Implementation of the LipidSeq panel revealed some limitations that are common across NGS approaches to screening for disease-causing mutations. First, we consistently observed low coverage (<30×) or failed target coverage at the UTR and other noncoding regions, as well as regions rich in guanine-cytosine base content. These regions were often the sites of discordant variant calling during our validation stage analysis. However, these regions are largely noncoding and are therefore of somewhat less interest when searching for possible disease-causing mutations (4). Second, NGS-based approaches do not robustly detect structural and copy number variation, because inversions and translocations tend to occur near repetitive sequences (29). Our current analytical pipeline utilizes a structural variation tool within the CLC Bio Genomics Workbench; however, further assessment of the performance of this tool is required before routine implementation in clinical resequencing. Finally, ethical issues have emerged regarding incidental genomic findings and the extent to which mutation detection results are disclosed to the patient, particularly when potentially disease-causing and clinically actionable mutations are detected but may be unrelated to the immediate patient health issue (30–32). In response to this issue, the American College of Medical Genetics and Genomics (ACMG) identified 56 genes associated with adult-onset diseases for which incidental genomic findings should be disclosed to patients (33). As the only three ACMG genes featured on the LipidSeq panel include the known FH genes LDLR, APOB, and PCSK9, the LipidSeq approach considerably limits patient exposure to incidental genomic findings unrelated to dyslipidemia.

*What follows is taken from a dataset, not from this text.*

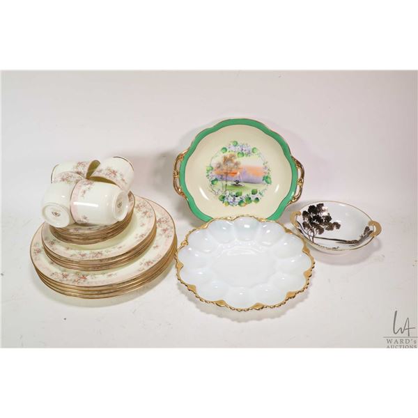Lot of six Coalport hand painted Indian Tree teacups and saucers plus nine retro pink cherry blossom glass dinner plates 9" in diameter. Note: ...

In summary, we report the first comprehensive targeted NGS approach for molecular diagnoses across the spectrum of monogenic dyslipidemias. The panel performs well, with high concordance in samples with known mutations based on Sanger sequencing and a high detection rate of mutations likely to be causative for disease in samples not previously sequenced. Clinical implementation of LipidSeq has the potential to diagnose patients with monogenic dyslipidemias with a high degree of speed and accuracy and at lower cost than either Sanger sequencing or whole exome sequencing. Furthermore, targeted NGS of dyslipidemia-related loci will help to provide a more focused picture of monogenic and polygenic contributors that underlie dyslipidemia, and will not provide unwanted information about incidental pathogenic, clinically actionable variants in nonmetabolic pathways that affect disease risk. A significant limitation continues to center on the interpretation and parsing of detected variants based on clinical utility; however, as comprehensive genomic variation in dyslipidemia patients continues to be documented, we stand to gain greater insight into the spectrum of variants underlying the phenotypic heterogeneity commonly observed within dyslipidemia subtypes.